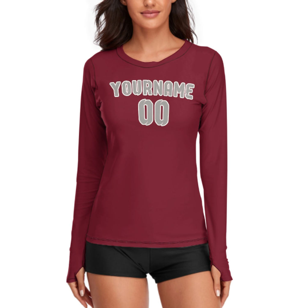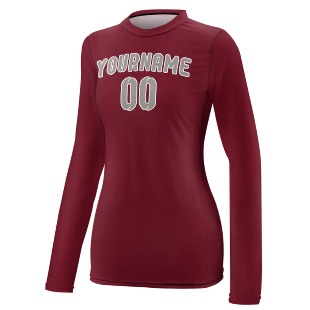 Custom Crimson Red Gray Women's Long-Sleeve Shirt
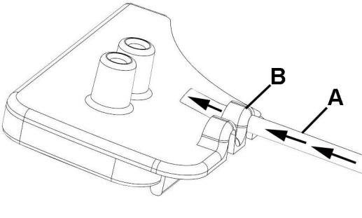 1. Insert the non-coiled end of the optical cable (A) through one of the grabber holes of the Flash Link adapter (B).
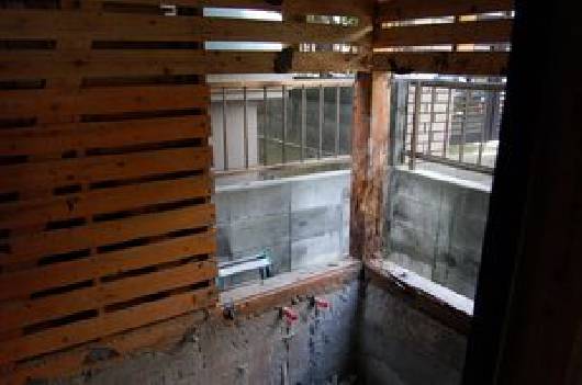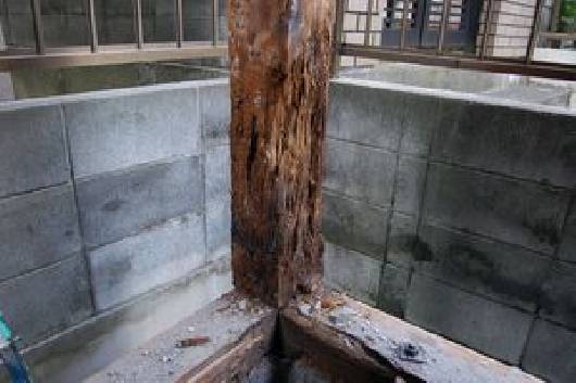 どうしてもタイルの窓付近は腐食してしまいます。左右に柱を追加し補強して塞ぎました。
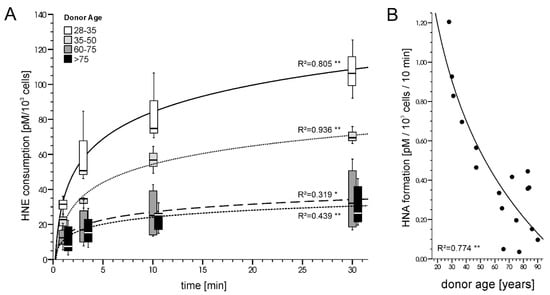 Age dependence of HNE metabolism in cultured human skin fibroblasts. Cell cultures were established from donors of different ages and treated with 1 µM HNE. (A) HNE consumption curves (expressed as pM HNE per 103 cells) determined 1, 3, 10 and 30 min after HNE addition. Data of the age cohorts are presented as Box-Whisker Plots. (B) Formation of hydroxynoneoic-acid (HNA) from HNE in the fibroblast cultures expressed as pM HNA/103 cells/10 min). * p < 0.05; ** p < 0.005 significance of the correlation (Pearson): [Siems W., Voss P., Bresgen N., Eckl P. and Grune T., unpublished data] [].
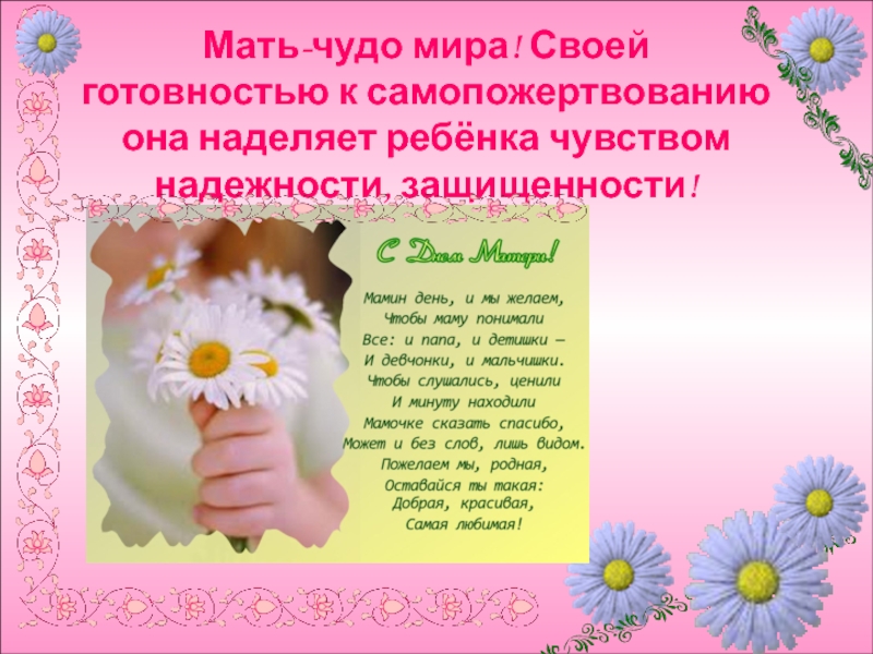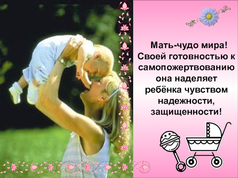 Слайд 23Мать-чудо мира! Своей готовностью к самопожертвованию она наделяет ребёнка чувством надежности,
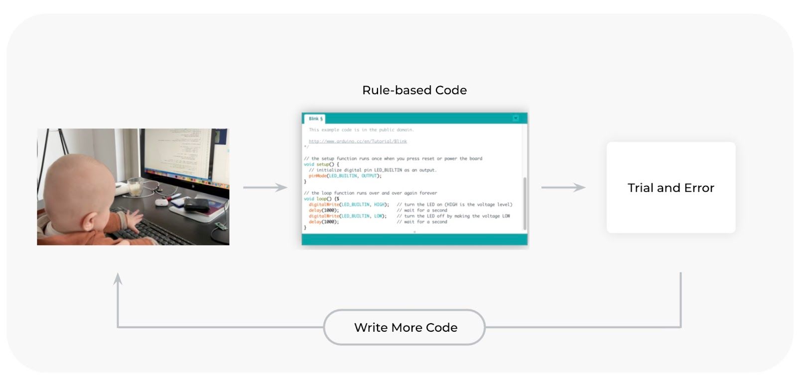 Nearly all products and systems involving computers today are built by humans writing code, mainly by trial and error. Below is Jan’s baby Sami, already an accomplished coder. :-) Developers solve problems today using code by interpreting what they assume the input data will be, then structuring coded rules to handle the data to produce some result. Through trial and error, we improve the program by writing more code. Rule based programming quickly fails when dealing with complex multi-dimensional data such as sensor data, audio, computer vision, network traffic and much more.
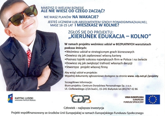 Osoby chcące wziąć udział w projekcie "Kierunek Edukacja- Kolno" proszone są o zgłaszanie się do pedagoga szkolnego p. Barbary Łempio.
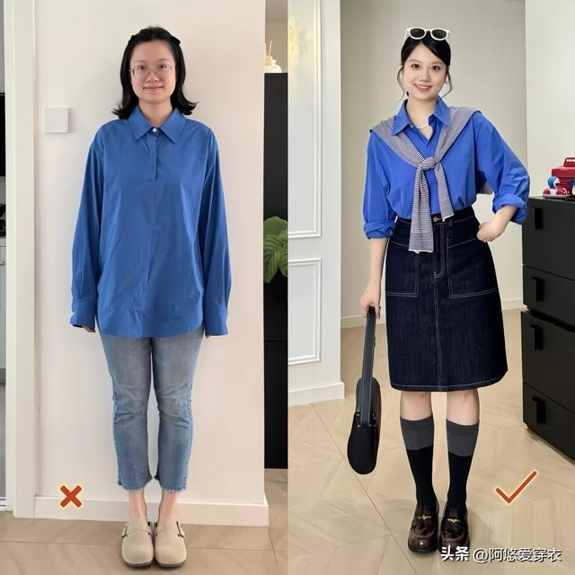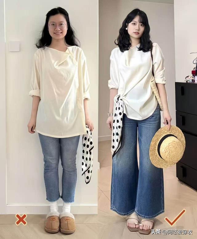 比如穿宽松的衣服时,我们可以把衣摆塞进下装的腰间,把腰线提起来,穿鞋子的时候选轻便带跟的款式,别总是随便踩上平底鞋就出门,才能很好地优化我们的身材比例,避免穿出累赘笨拙感。
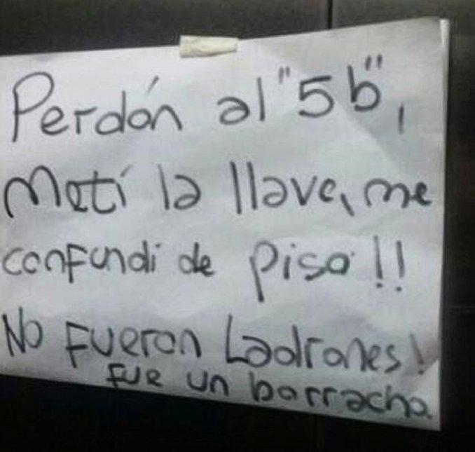 "Perdón al '5 b', metí la llave, me confundí de piso. No fueron ladrones. Fue un borracho", le escribió el hombre a su vecina, tras el error. La nota fue dada publicada en la cuenta de Facebook de "Vivir en Nueva Córdoba".
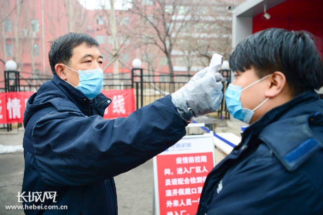 鮑守坤為入廠人員測體溫。河鋼集團承鋼公司供圖
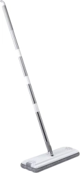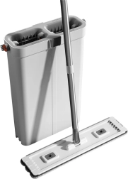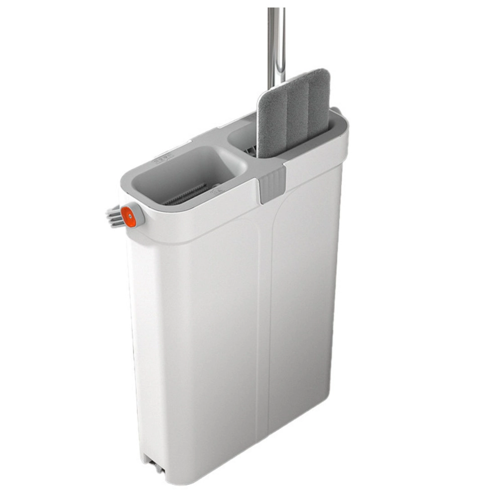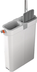 Sodobno dvokomorno vedro ločuje čisto in umazano vodo za bolj higiensko in hitrejše čiščenje. Ploščati mop z nastavljivo teleskopsko palico se zlahka prilagodi višini uporabnika in doseže ozke prostore, pod postelje ali omare.
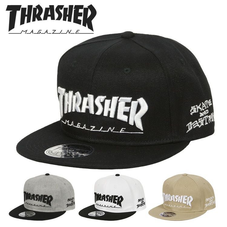 スケートボードファッションブランドのTHRASHER/スラッシャーから、6パネルBBキャップが入荷。フロントにブランドを代表するマガジンロゴ、サイドに「SKATE AND DESTROY」を刺繍したストリート感溢れるデザイン。ツバに貼られたステッカーもカッコいい!ツバは真っすぐなフラットバイザー(平ツバ)、芯ありのしっかりとしたフロントパネル、後部のスナップバックでサイズ調整が可能なので男女兼用で着用いただけます。
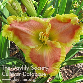 | Description : pink yellow blend, large green edge | |
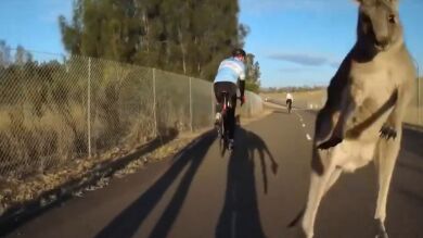 ¡Vaya susto! Un grupo de canguros ataca a unos ciclistas en una carretera de Australia
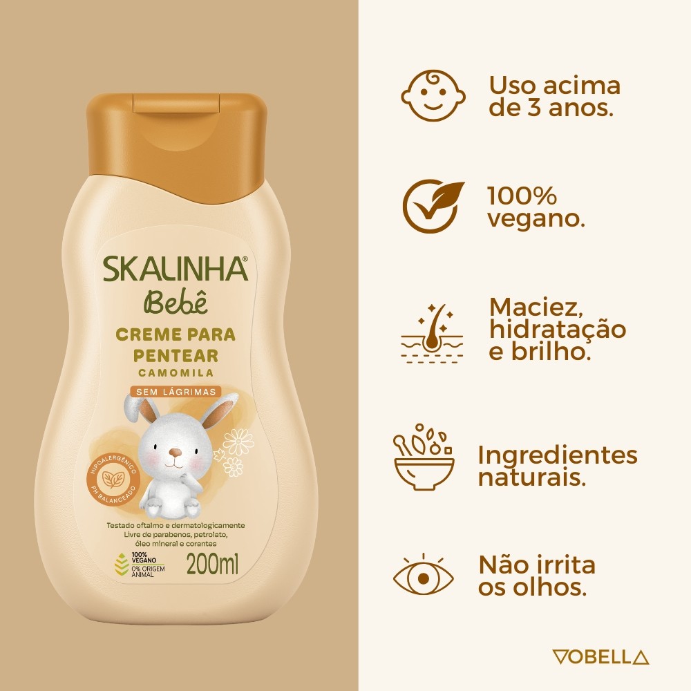 Creme Para Pentear Camomila Bebê Infantil Vegano Skala 200ml
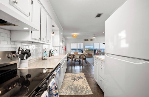 Unit 029 Eventide Cottage - If you are dreaming of the perfect quaint beach cottage for an island getaway right here in Alabama, this is it. This home gives you the full experience. Private dock on the Mississippi Sound provides fishing or sunning opportunities while the kids can play nearby on the soft white sand, shaded most of the day to protect their skin. Lovely gated grassy area at the base of the steps allow four-legged family members to walk a bit and still have porch access. The North facing porch offers grand views of the sound and Dauphin Island Bridge. Porch swing and lounging area make for the perfect setting to enjoy the view or watch the others below. Inside you will find a delicious décor that is both relevant and classic, and perfectly beachy. Long, authentic wood dining table accommodates the whole clan for togetherness time. Absolutely charming kitchen comes with every tool you'll need, with stack washer/dryer behind. Comfortable furnishings at the flatscreen satellite tv complete the open floor plan. Master Suite has sweeping gulf views, queen bed, and tons of natural light. Behind the rustic yet chic sliding barn door you'll find the 2nd full bath on the way to the 2nd and third bedrooms. Children will love climbing the colorful stairs to their beds in the bunk room, and other guests will love the quirky creativity in the 3rd bedroom with queen bed.
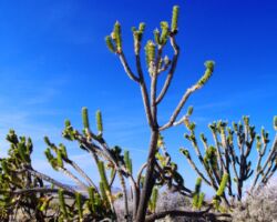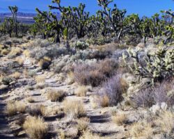 It is covered by the largest and densest Joshua Tree forest on earth.  The dome is subtle and discreet; a broad sloping upland dome, the erosional remnant of granite plutons that formed deep under the Earth’s surface 180 – 80 million years ago when the Farallon Plate was being subducted beneath the North American Plate.
┄┄┄┄┄┄┄┄┄┄┄┄┄┄┄┄┄┄┄┄
◆ Problem requirements ◆
Within the listing above, the stretch from the line with "Age dependence of" down to the line with "比如穿宽松的衣服时,我们可以" is to be given again exactly, end lines included and pictures excluded.

◆ Task result ◆
 Age dependence of HNE metabolism in cultured human skin fibroblasts. Cell cultures were established from donors of different ages and treated with 1 µM HNE. (A) HNE consumption curves (expressed as pM HNE per 103 cells) determined 1, 3, 10 and 30 min after HNE addition. Data of the age cohorts are presented as Box-Whisker Plots. (B) Formation of hydroxynoneoic-acid (HNA) from HNE in the fibroblast cultures expressed as pM HNA/103 cells/10 min). * p < 0.05; ** p < 0.005 significance of the correlation (Pearson): [Siems W., Voss P., Bresgen N., Eckl P. and Grune T., unpublished data] [].
 Слайд 23Мать-чудо мира! Своей готовностью к самопожертвованию она наделяет ребёнка чувством надежности,
 Nearly all products and systems involving computers today are built by humans writing code, mainly by trial and error. Below is Jan’s baby Sami, already an accomplished coder. :-) Developers solve problems today using code by interpreting what they assume the input data will be, then structuring coded rules to handle the data to produce some result. Through trial and error, we improve the program by writing more code. Rule based programming quickly fails when dealing with complex multi-dimensional data such as sensor data, audio, computer vision, network traffic and much more.
 Osoby chcące wziąć udział w projekcie "Kierunek Edukacja- Kolno" proszone są o zgłaszanie się do pedagoga szkolnego p. Barbary Łempio.
 比如穿宽松的衣服时,我们可以把衣摆塞进下装的腰间,把腰线提起来,穿鞋子的时候选轻便带跟的款式,别总是随便踩上平底鞋就出门,才能很好地优化我们的身材比例,避免穿出累赘笨拙感。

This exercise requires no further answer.